The skill is not picking one model and worshipping it. The skill is learning how to route work. Some tasks need speed and diligence. Some need taste and depth. Some need a background agent grinding through checks. Some need a sharper thinking partner beside you.
Good AI work is increasingly about orchestration.
What agent-first means for a repo
For me, an agent-first repo is not a repo where agents write random code quickly.
It is a repo where the project is legible to agents.
If an agent cannot answer these questions from the repo itself, the repo is not agent-first yet:
- What is this product trying to do?
- How do I run it locally?
- What does good UX look like here?
- What are the important architectural boundaries?
- Where does data live?
- What commands prove that my change worked?
- What should I never touch without asking?
- Where are the current plans, tradeoffs, and known problems?
- How do I inspect runtime behaviour when something breaks?
If the only person who knows those answers is the founder, the harness is missing.
That is the part I am trying to improve in Luma. I do not want to be the one manually carrying all the coordination state. I want the repo to carry more of it. I want the docs, scripts, tests, runtime access, logs, and cleanup loops to make the agent better by default.

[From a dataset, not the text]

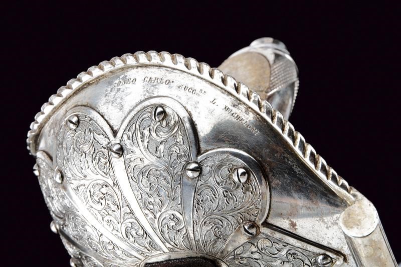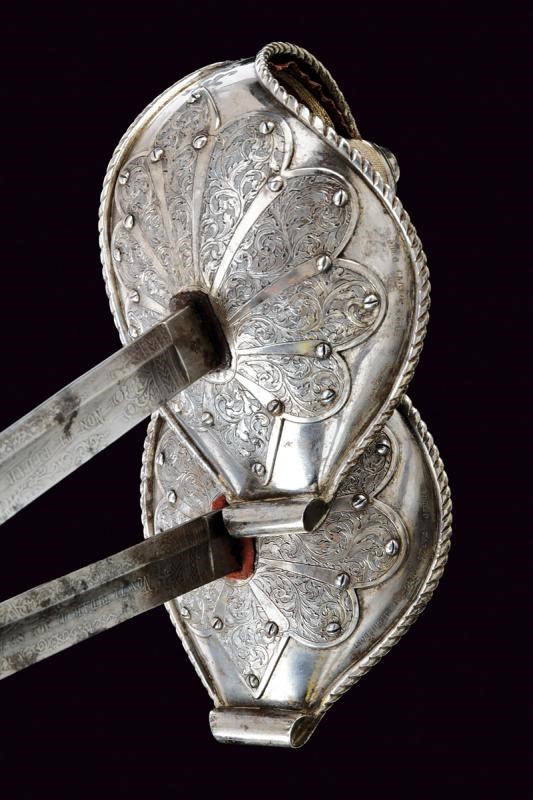 Lame curve a un filo e controfilo con sguscio che diviene duplice al debole, recanti su un lato al forte l'iscrizione "NON TI FIDAR DI ME SE IL COR TI MANCA" e sull'altro il motto "IL COR DEL CALABRESE E' COR D'ACCIAIO", entrambi i motti fra incisioni a motivi floreali. I talloni marcati con corona, "M" e con due altri punzoni poco visibili. Bei fornimenti con ampia guardia in ferro con bordo rialzato e lavorato a fingere il tortiglione; la superficie esterna rinforzata da una placca intagliata a fiore incisa a racemi e fissata con una serie di viti; su un lato incisione "BODEO CARLO SUCC.RE L. MICHELONI" e dalla parte opposta "FABB.TE D'ARMI BRESCIA-NAPOLI". L'interno del fornimento rivestito di velluto bordeaux (danni d'uso e del tempo) con banda in canutiglia dorata. Impugnature in pelle di pesce a settori suddivisi da filo metallico. Capette lunghe. Foderi in legno rivestiti di velluto bordeaux e con fornimenti in ferro; cappa munita di campanella e puntale incisi a motivi floreali.
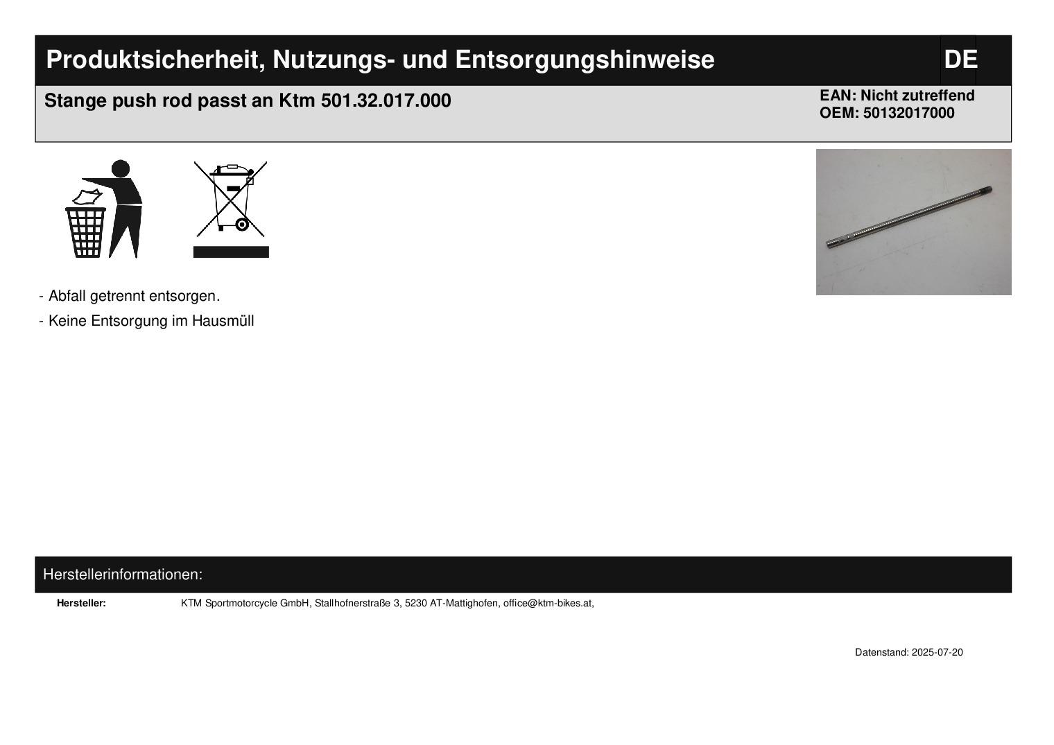 In dieser Auktion gibt es folgenden Artikel zu kaufen: Stange (siehe Foto) Modell: passend für KTM Bj.: unbekannt Lieferumfang: siehe Foto Artikelzustand: neu aus Geschäftsauflösung, mit minimalen Lagerspuren; Zustand siehe Foto Bei Unklarheiten oder Fragen bitte erst E-Mail schreiben.

This changes what it means to code well
Coding better in the AI era does not only mean writing better functions.
It means designing better feedback loops.
It means making your work observable. It means writing docs that are actually useful. It means encoding taste and architecture into checks where possible. It means making local setup boring. It means keeping plans and decisions close to the code. It means giving the agent tools instead of giving it lectures.
This is why I think people who want to code better need to learn this stuff now.
Not because AI will magically do everything.
Because AI is already good enough that the bottleneck is often the harness around it.
The models are not the disappointing part. The disappointing part is giving a powerful model a weak environment and expecting it to behave like a full team.
The next wave of software will not be built by people who simply "use AI".
It will be built by people who know how to design systems where humans steer, agents execute, and the work proves itself.